40. The method of claim 39, wherein the phenotypic data associated with the individual is received from the individual.

41. The method of claim 39, wherein the phenotypic data associated with the plurality of geographically dispersed individuals is received from the plurality od geographically dispersed individuals.

42. The method of claim 38, wherein the geographically dispersed genetic information includes annotated genetic test information.

43. The method of claim 42, wherein the annotations include words coding for a phenotypic feature.

44. The method of claim 38,

wherein the electronic numerical information comprises de-identified representations of the at least one external soft tissue image, and

the method further comprises de-identifying the at least one external soft tissue image using one or more convolutional neural networks.

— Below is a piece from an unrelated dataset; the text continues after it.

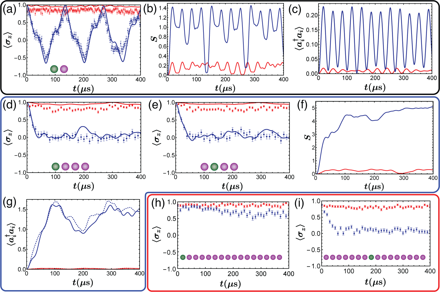 在量子动力学方面,拉比-哈伯德模型包含了离子的自旋模式和空间振动模式的相互耦合,这显著增加了该系统有效的希尔伯特空间维度,使得经典模拟难度增加。研究人员在小规模体系(2离子、4离子)下观测到了符合经典模拟预期的量子动力学演化,与量子相变一同证明了本实验中拉比-哈伯德模型的成功实现。而在大规模体系(16离子)和强耦合参数区间,常用的经典近似方法将不再适用,实验系统的有效态空间维度高达257,相关的动力学过程已经难以通过经典计算机模拟计算。该实验展示了基于离子阱平台的量子多体模拟,将空间振动自由度引入量子模拟中,实现了经典计算机难以计算的问题规模,是通向未来大规模离子阱量子计算、量子模拟的重要一步。

45. A non-transitory, computer-readable medium storing instructions for performing image processing in connection with phenotypic analysis, the instructions causing one or more processors to: receive electronic numerical information corresponding to pixels reflective of at least one external soft tissue image of an individual;

access geographically dispersed genetic information stored in a database, wherein the geographically dispersed genetic information includes numerical data that correlates anomalies in pixels in soft tissue images of a plurality of geographically dispersed individuals to specific genes or to specific genetic variants;

compare the electronic numerical information for the individual with the numerical data of the geographically dispersed genetic information stored in a database, to determine at least a likelihood that the individual has at least one pathogenic genetic variant; and

prioritize, based on the comparison, one or more genetic variants according to a likelihood of pathogenicity.